In this code example, in order to have nice encapsulation and better-looking code, I’ll be building the model in Python classes. The first class is a simple class that contains the input data:

class Input(object):
    def __init__(self, batch_size, num_steps, data):
        self.batch_size = batch_size
        self.num_steps = num_steps
        self.epoch_size = ((len(data) // batch_size) - 1) // num_steps
        self.input_data, self.targets = batch_producer(data, batch_size, num_steps)

We pass this object important input data information such as batch size, the number of recurrent time steps and finally the raw data file we wish to extract batch data from. The previously explained batch_producer function, when called, will return our input data batch x and the associated time step + 1 target data batch, y.
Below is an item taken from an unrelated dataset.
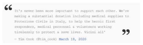 “相互支持從來沒有像現(xiàn)在這樣重要。我們正準(zhǔn)備向意大利的公民組織 Protezione Ciile 提供包括醫(yī)療用品在內(nèi)的大量捐贈(zèng),以幫助英勇的急救人員、醫(yī)務(wù)人員和志愿者不知疲倦地保護(hù)和拯救生命。”庫(kù)克在 2020 年 3 月 19 日發(fā)推文稱。

The next step is to create our LSTM model. Again, I’ve used a Python class to hold all the information and TensorFlow operations:

# create the main model
class Model(object):
    def __init__(self, input, is_training, hidden_size, vocab_size, num_layers,
                 dropout=0.5, init_scale=0.05):
        self.is_training = is_training
        self.input_obj = input
        self.batch_size = input.batch_size
        self.num_steps = input.num_steps

The first part of initialization is pretty self-explanatory, with the input data information and batch producer operation found in input_obj. Another important input is the boolean is_training – this allows the model instance to be created either as a model setup for training, or alternatively setup for validation or testing only.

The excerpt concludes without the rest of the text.